(Stored entries)
________________

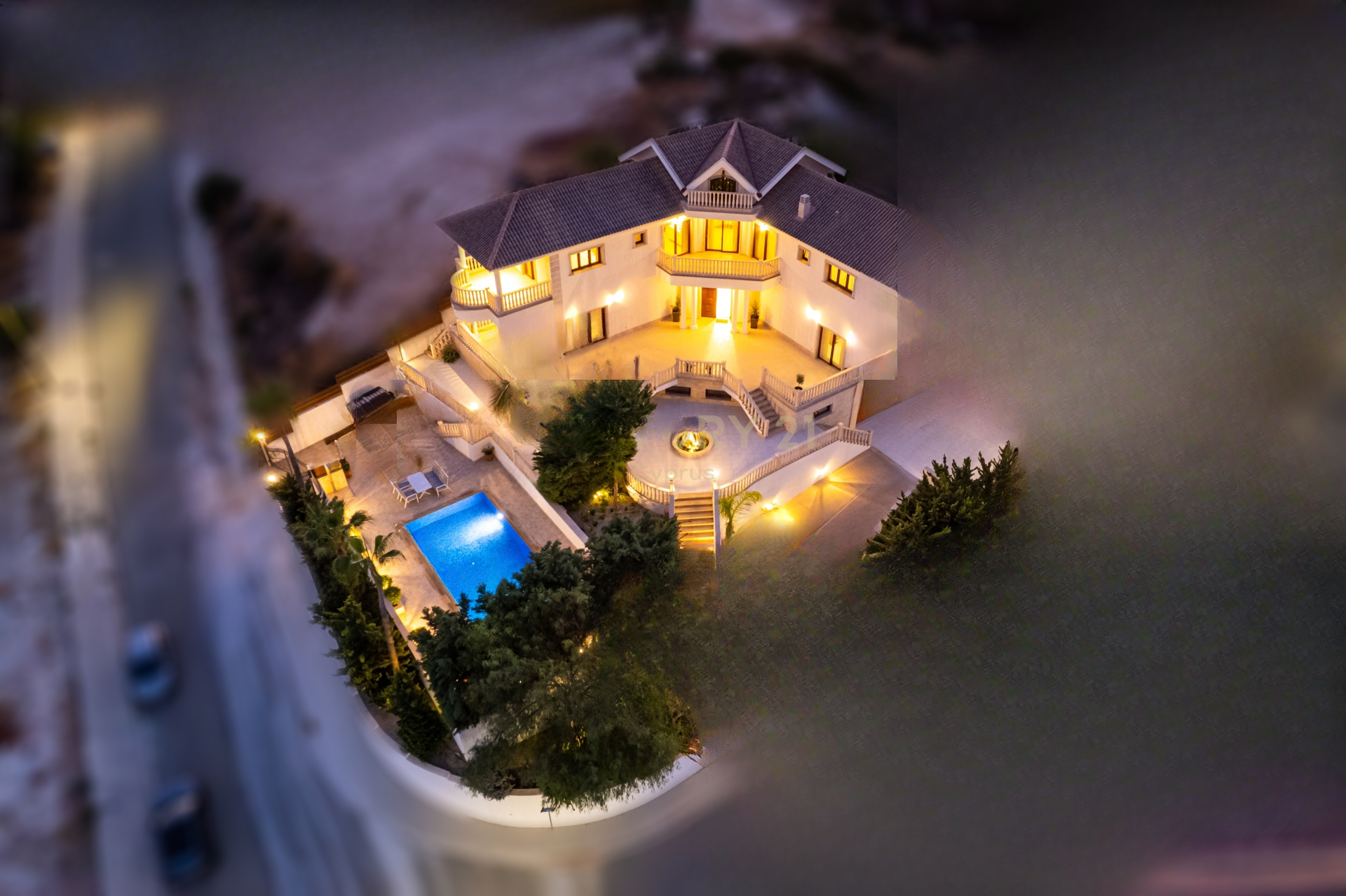 Гордый центральный элемент сада — ручной работы фонтан, рядом беседка из камня и мрамора и оборудован спортивный зал. Частный чердак и солнечная фотоэлектрическая система полностью покрывают все потребности дома в электроэнергии.
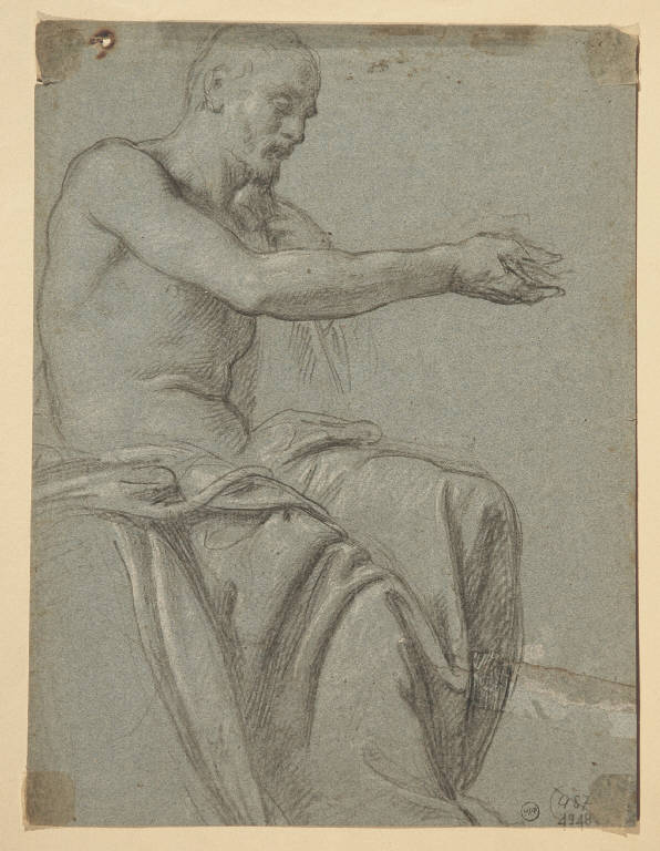 - NOTIZIE STORICO CRITICHE Il disegno, un interessante studio accedemico di figura maschile e, al verso, di figura femminile e di panneggio, condotto con fermo tratto di contorno a matita nera grassa e lumeggiato a gessetto bianco, non reca alcuna attribuzione tradizionale: ma è senz'altro da assegnare, a mio avviso, alla cerchia di Annibale Carracci, anche se non trova al momento un esatto riscontro con la grafica conosciuta dei più noti tra i suoi allievi. Il nome di Francesco Albani, in particolare, mi sembra suggestivo, per l'innegabile affinità d'impostazione che lega questo studio di figura al "Cristo" e al "San Giovanni Battista" dipinti dall'artista bolognese nel 1621 per il cardinale Benedetto Giustiniani, all'interno di una serie dedicata a Cristo, appunto, e ai dodici apostoli (si veda S. Danesi Squarzina "The collection of Cardinal Benedetto Giustiniani. Part II", in "The Burlington Magazine", n° 1139, febbraio 1998, pp. 102-120).
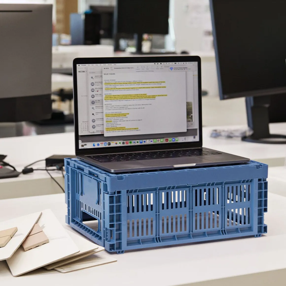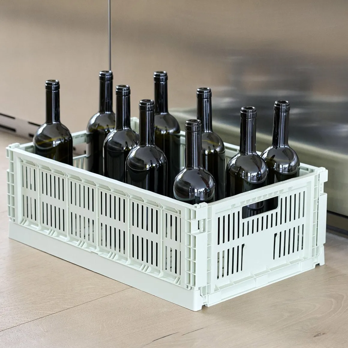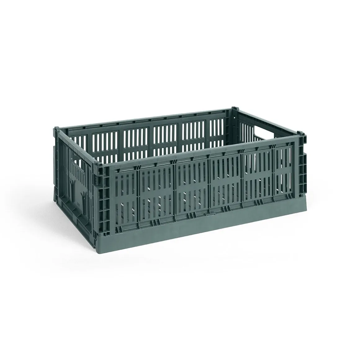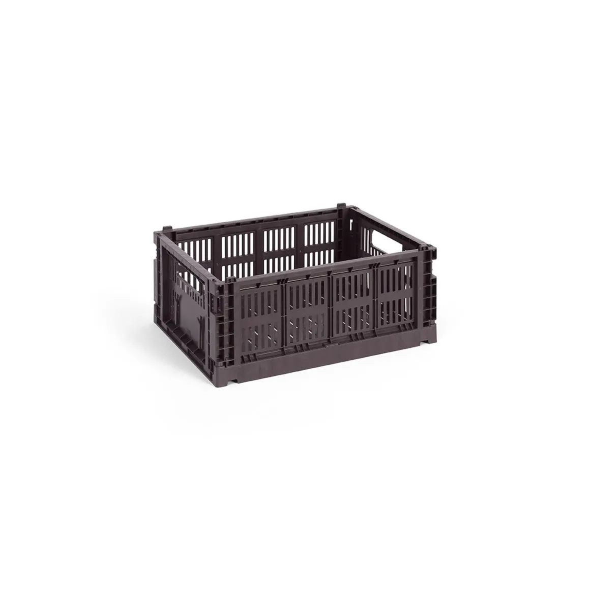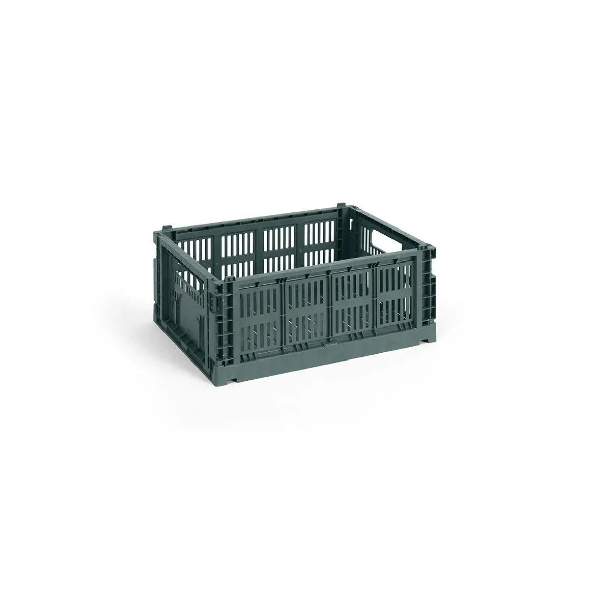 Colour Crate de Hay. La gamme Colour Crate de HAY est une gamme de boîtes de rangement pratiques et adaptables, au design perforé. Fabriquées à partir de plastique post-consommation 100% recyclé. Elles s’emboîtent les unes dans les autres selon de multiples configurations, ce qui les rend idéales pour le rangement, l’exposition et même pour des meubles innovants. Leur multifonctionnalité, combinée à leur capacité à se replier à plat lorsqu’elles ne sont pas utilisées, en fait une solution de rangement polyvalente et peu encombrante.
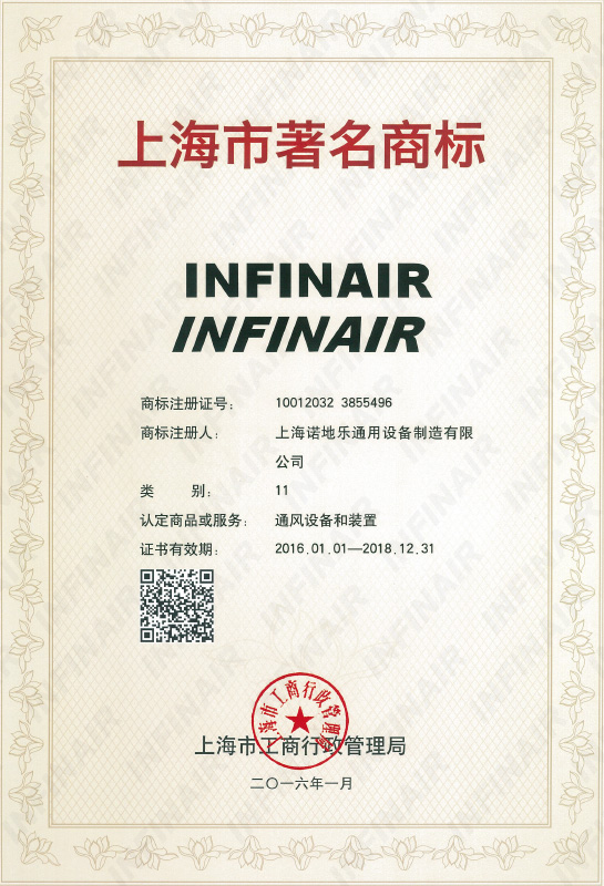 -- “INFINAIR”商標榮獲“上海市著名商標”稱號;
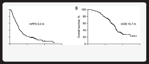 Kaplan-Meier curves of PFS (A) and OS (B) of patients with advanced NSCLC who received ICl-based treatment beyond progression with prior immunotherapy. mPFS, median progression-free survival; mOS, median overall survival; NSCLC, non-small cell lung cancer; ICI, immune checkpoint inhibitor.
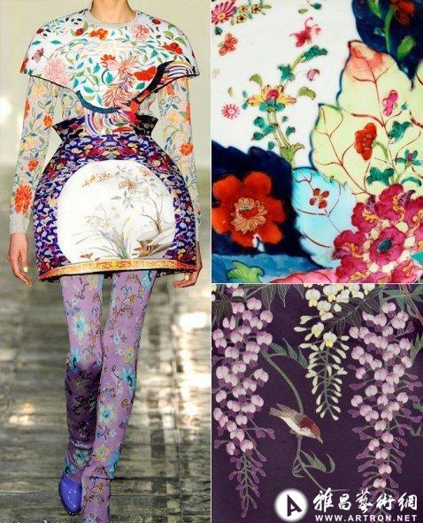 时装设计对于陶瓷元素的运用,不仅仅是瓷器的图片,很多时装造型也以古代陶瓷器型为主,加之模特的曲线美,让青花瓷完美绽放。最近,ary Katrantzou2011秋冬更是将中国瓷器搬上伦敦秀场,满场飞动的乾隆斗彩及瓷胎绘珐琅器灵感印花图案,瓷瓶造型的钟型裙,满眼的龙纹图案让中国元素在伦敦的秀场上大放异彩!斗彩的雍容华贵与镂空技巧,与时尚的完美结合,给观众一场奢华的视觉享受。
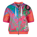 Mit dieser Jacke wird der Gehsteig zum Laufsteg. Die sportive Jacke in einer trendigen Oversize-Linie besteht aus einer hochwertigen Scubaware. Die große Kapuze ist mit einem Falzgummi eingefasst. Sehr modisch ist die innovative Linienführung mit angesetzten Ärmeln und den geschwungenen Nähten. Die Ärmel im Lagenlook sind im Oberarmbereich offenkantig verarbeitet, der Ärmelsaum der schmaleren Ärmel ist mit einem Falzgummi eingefasst. In der vorderen Mitte ist ein sichtbarer Zwei-Wege-Reißverschluss eingearbeitet und in die modischen Nahtführungen wurden im Vorderteil zwei unsichtbare Reißverschlusstaschen eingenäht. Ein Highlight ist der kontrastierende neonfarbige Logo-Transferdruck im Rückenteil. Der Farbkontrast spiegelt sich auch im Netzfutter der teilweise gefütterten Jacke wider. Der Saum ist ebenfalls mit einem Falzgummi eingefasst und am Vorderteil ist am Saum ein hochwertiges Sportalm-Logo-Etikett platziert.
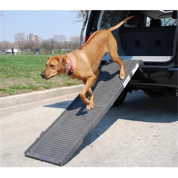 The PetSTEP Folding Pet Ramp has a soft non-slip ridged rubber surface not found on other ramps. with soft-on paws and provides superior wet or dry traction. This ramp opens and closes with ease. and the advanced plastic and fiberglass material is super light and strong. it can still hold any size dog. Weighing only 18.5lbs. it includes a built-in carry handles for ease of transport. The heavy-duty rubber grips at each end keep the ramp in place during use. Features: Non-slip ridged rubber surface. Soft on Paws.Superior traction wet or dry.Opens and closes in seconds. Safely holds any weight dog.Reduces arthritis & dysplasia pain. Lightweight (18.5 pounds).Portable (ergonomic handles on both sides).No materials used that trap odors (carpeting etc).Universal non-slip grip fits all vehicles and edges.Easily washable with soap and water. No sandpaper or carpeting to trap moisture.
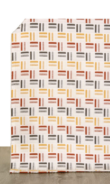Ladder meets checks style weave with shaded effect. The color palette of crimson red, ocher yellow and charcoal black on pure white backdrop is bold and bright. On the whole, this drapery fabric is just happiness, happiness, happiness.

________________

» **Problem statement**
The required output is every line from the one containing "The PetSTEP Folding" through the last line of the records, inclusive, reproduced exactly and without pictures.

» **Exercise result**
 The PetSTEP Folding Pet Ramp has a soft non-slip ridged rubber surface not found on other ramps. with soft-on paws and provides superior wet or dry traction. This ramp opens and closes with ease. and the advanced plastic and fiberglass material is super light and strong. it can still hold any size dog. Weighing only 18.5lbs. it includes a built-in carry handles for ease of transport. The heavy-duty rubber grips at each end keep the ramp in place during use. Features: Non-slip ridged rubber surface. Soft on Paws.Superior traction wet or dry.Opens and closes in seconds. Safely holds any weight dog.Reduces arthritis & dysplasia pain. Lightweight (18.5 pounds).Portable (ergonomic handles on both sides).No materials used that trap odors (carpeting etc).Universal non-slip grip fits all vehicles and edges.Easily washable with soap and water. No sandpaper or carpeting to trap moisture.
Ladder meets checks style weave with shaded effect. The color palette of crimson red, ocher yellow and charcoal black on pure white backdrop is bold and bright. On the whole, this drapery fabric is just happiness, happiness, happiness.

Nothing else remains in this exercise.